The Ricoh Theta cameras are two fisheye lenses glommed together for a 360 degree view in both axes generated as an equirectangular image; the newest member, the Theta S, just came out (but too late for my trip). The m15 comes in four colours, all of them silly, but mine is blue. You can either take free shots with the button, or you can control it with a smartphone (iOS and Android apps available) over Wi-Fi using either the official Ricoh app or the free Android HDR one (tripod strongly advised).
The m15 doesn't take exceptional images in low light, and the resolution is a bit low (6.4 megapixels at 3584x1792, but remember that it's two images that the camera firmware glues together, and there's an awful lot of spherical aberration due to the design). But it does work, and you shouldn't be scared by the reviews and instructions saying you need a current Intel Mac or Windows PC to view your images. That's a damn lie, of course -- connect the camera over USB and Image Capture will happily download them (even 10.4), or have the smartphone apps download the images to your phone and send them over Bluetooth or E-mail them. Either way, the images work perfectly as QTVR panos; you don't need the Ricoh desktop software. When you load the image into QTVR Authoring Studio and make sure it's oriented horizontally, it "just works" with no tweaking necessary:
And here's a frame from the result, in QuickTime 7 (rendered out at 1024x768, high quality, 100% Photo JPEG compression):
Unlike the ugly map-on-a-sphere distortion the Ricoh apps cause, the QTVR pano looks just like "you're there," and you can share it with all your friends without any other software other than QuickTime. You can look all the way up and down, ignoring the camera's limp effort to edit itself and its base out, and there are no stitch lines or agonizing hours of retouching. With just a few seconds of processing, I'm back along the side of Interstate H3, looking over the Kaneohe bay once again. A perfect memory, perfectly captured. Isn't that what you bought the camera for in the first place?
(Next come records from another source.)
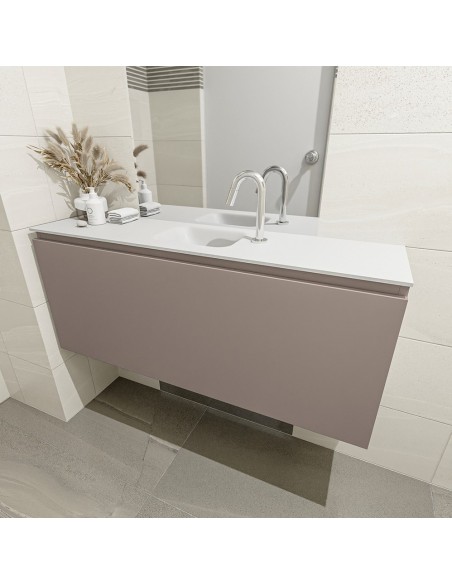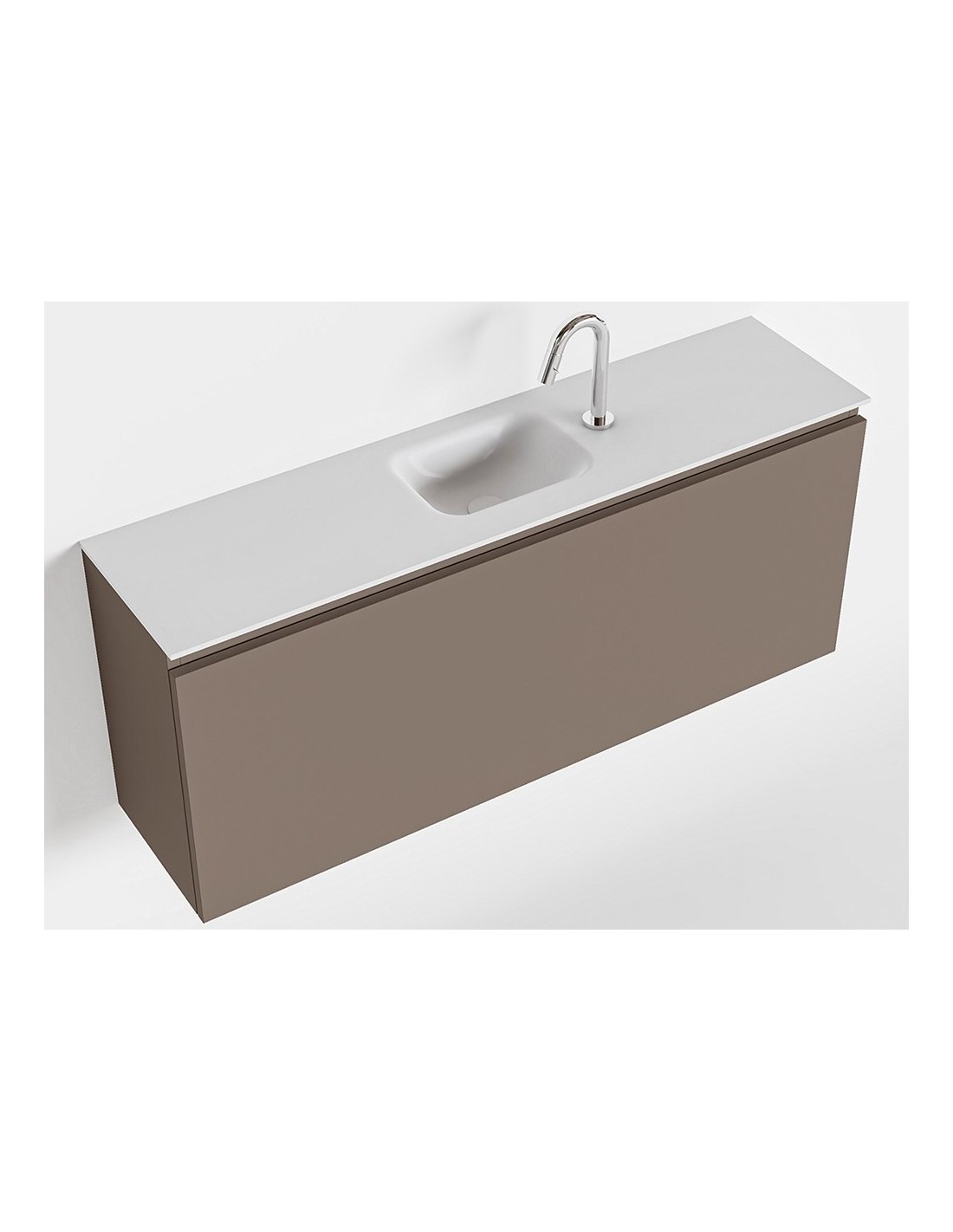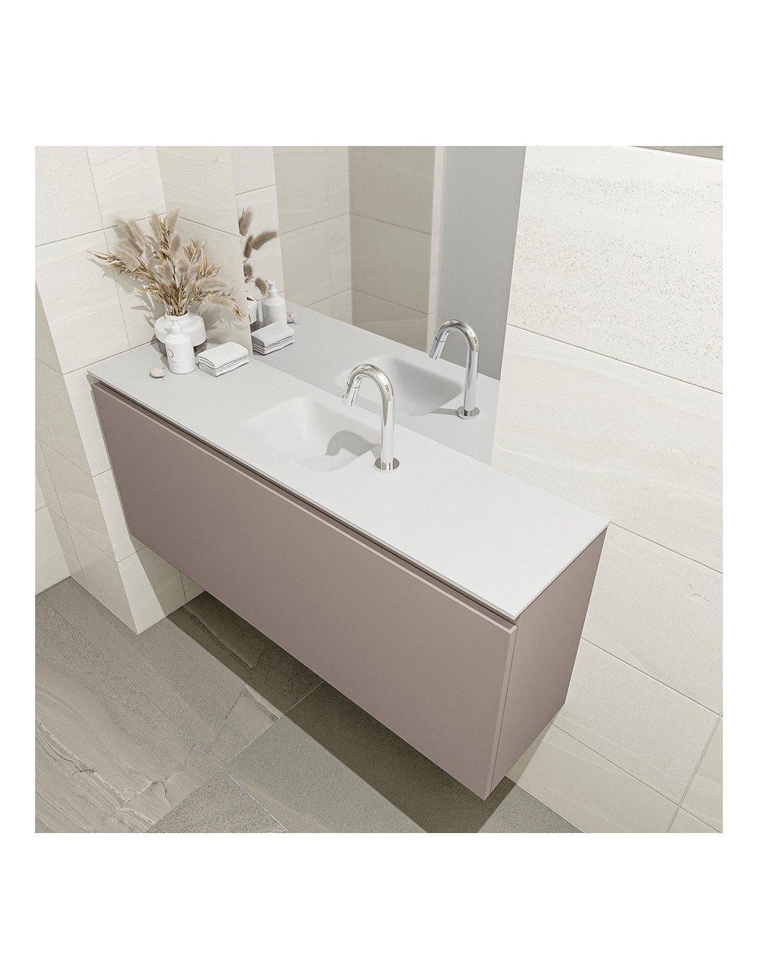OLAN Komplet badmiljø med midt centreret håndvask til bordmonteret armatur. Badmiljøet kommer med 1 skuffe med fuldt udtræk, og er fremstillet i MDF. Håndvasken er fremstillet i talkumsfarvet (mat hvid) solid surface. Badmiljøet måler 120 cm i bredden. Det viste armatur medfølger ikke i sættet.
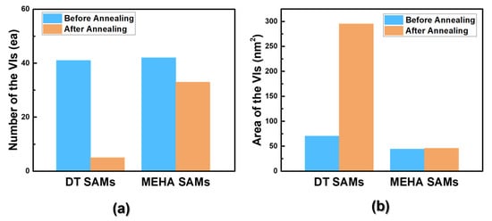 A diagram showing a remarkable difference in the (a) number and (b) area of VIs to the total surface area for DT and MEHA SAMs before and after thermal annealing.
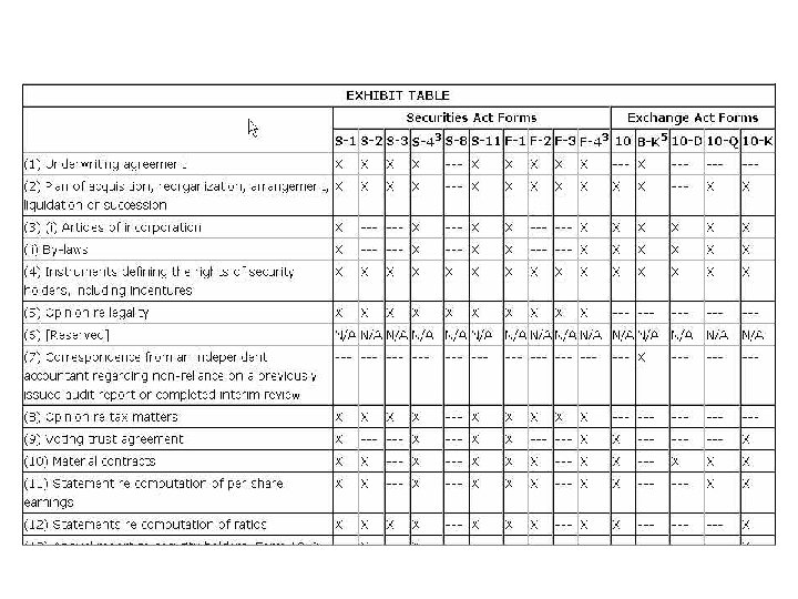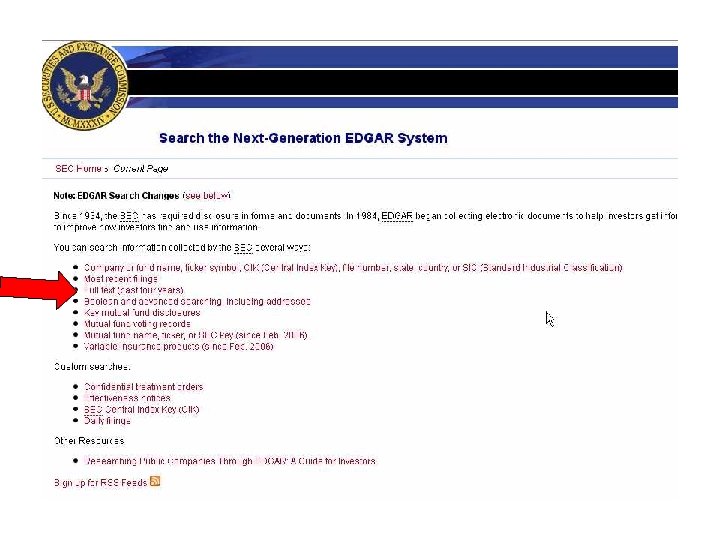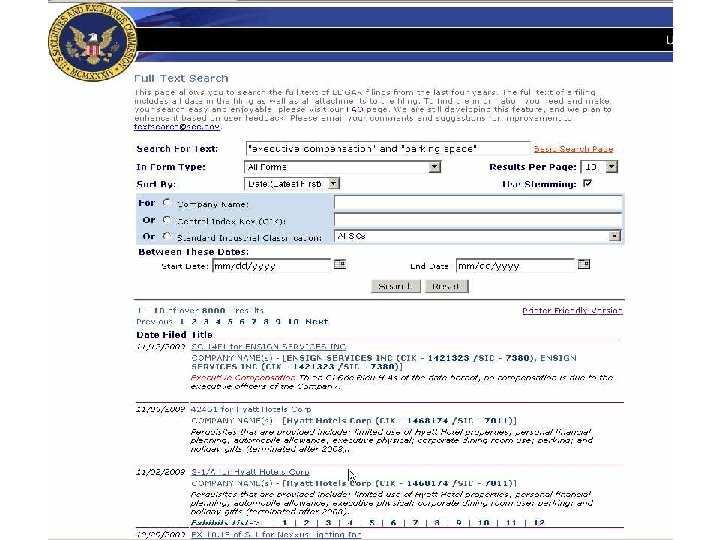 SEC Edgar Full Text Search Features l Fields for company name, SIC code, date, form type (but not exhibit type) l Natural language or Boolean l Phrase (“”), AND, OR, NOT, truncation (*, communicat* ), proximity operator (general NEAR 1 motors ) l Past 4 years
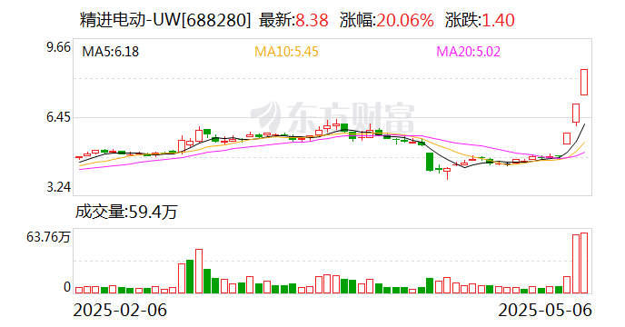 5月6日精进电动(688280)收盘价8.38元,收盘涨停,全天换手率11.41%,振幅14.79%,成交额4.74亿元。科创板交易公开信息显示,当日该股因日收盘价涨幅达15%等上榜。
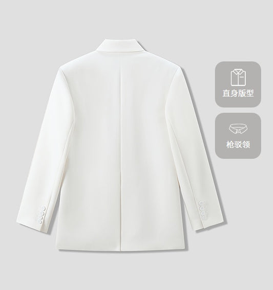 COMME MOI Summer White Double-Breasted Straight Blazer - MATHEW.
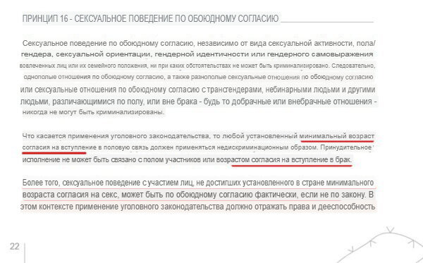 «Что касается применения уголовного законодательства, любой установленный минимальный возраст согласия на секс должен применяться недискриминационным образом. Правоприменение не должно быть связано с полом/гендером участников или возрастом согласия на вступление в брак».

The new Theta S bumps the resolution to 14.4 megapixels (5376x2688), and both the m15 and S are capable of video with the S offering 1080p quality. In fact, I'm so pleased with even the lower resolution of the m15 that I'll be picking up an S very soon, and my suspicion is it will work just as well. It's wonderful to see that an old tool like QTVR Authoring Studio still works flawlessly with current cameras, and given that QTVR-AS was never written for OS X, it's another example of how Classic is the best reason to still own an Power Mac.